Innovation within the enterprise can create significant opportunities to improve profit or gain competitive advantage, but there is no benefit if the innovations are not given appropriate attention.

Filing a patent should be a clear indication of innovation that could benefit the enterprise. Likewise, though innovations that are incorporated in products may not go unnoticed, some product innovation opportunities do not get sufficient attention to make them into products.

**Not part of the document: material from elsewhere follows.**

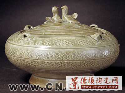 蓋缸斂口,扁腹,圈足外撇,肩部四面各飾一條形系。外壁模印菱形錦地網(wǎng)格紋,間飾劃線弦紋。器物內(nèi)外皆施青釉,圈足內(nèi)素胎無(wú)釉。蓋圓形,蓋口可以合于缸口內(nèi)。蓋面飾3周凹陷的寬弦紋,蓋頂?shù)袼芤粚?duì)小鳥(niǎo),情態(tài)活潑可愛(ài),展翅翹尾相對(duì)而立,栩栩如生。
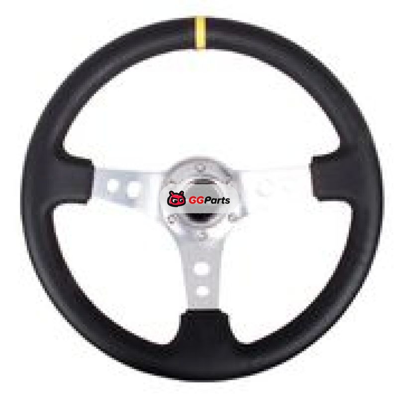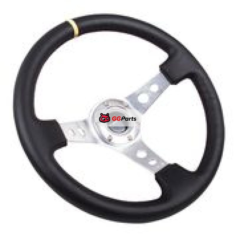 NRG Reinforced Steering Wheel (350mm / 3in. Deep) Blk Leather w/Circle Cut Spokes & Single Yellow CM

Many innovations may occur within operating activities such as new methods or tools. If the benefit can only be realized by the particular operating activity, there may be no need for further attention. However, there could be side effects or external markets for some innovations, and these events should be escalated for attention with a broader perspective.

Enterprise Change Events

Improvements to services can be made within a service unit or in collaboration with related service units. This could result in suboptimal solutions if they do not receive tactical or strategic planning attention. Consequently, the initiation of efforts to develop changes may be significant events. Action on these events may be triggered by requests to authorize funding for such efforts. Similarly, investments in new tooling, training, or software may be events that should trigger consideration at a tactical or strategic level. Many enterprise change events can be identified in automated business processes, but there may be many others that should be posted by people as they recognize the emergence of problems or opportunities in current enterprise operations. Posting should formally capture the event information along with attributes that support appropriate distribution of notices.

Identification of Events of Interest

Obviously, the enterprise is not interested in every event happening anywhere—this would be overwhelming. It is essential that we determine what notifications are needed and how they can be captured.

Some event notices are duplications produced by different observers. Some represent different events resulting from the same root cause. Some event notices are simply ignored if the frequency becomes overwhelming. Consequently, we need to analyze what events are really needed and which event notices should be shared for different purposes. For example, an increase in the price of crude oil increases costs of materials and transportation and may result in a reduction in demand for certain consumer products or services. These consequences may be relevant to a number of different enterprise activities.

Relevant Events

There are two complementary approaches to analysis of event notice requirements: anticipated events and broken assumptions. Each service manager, LOB manager, and business executive should consider both approaches in the context of their scope of responsibility and planning horizon. The nature of all events and their potential areas of impact on the enterprise should be captured in a repository:

  • Anticipated events. Here the focus is on specific, identifiable events that require attention. Either these events are expected to occur and require attention, or they are unlikely to occur but the consequences are such that if they occur they require immediate attention.
  • Broken assumptions. The second approach is to identify business assumptions that are the basis for current operations but could become invalid. This might include assumptions like “there will be timely delivery of inventory replenishment,” “our operations can accommodate vacations and absences,” or “our operations will not be affected by a tornado.” The next step is to identify the events that could break these assumptions.

Some assumptions are shared by many managers and some are unique. Managers should have access to each others' assumptions so they don't duplicate effort. At the same time, they can each contribute their own perspectives to a body of business assumptions.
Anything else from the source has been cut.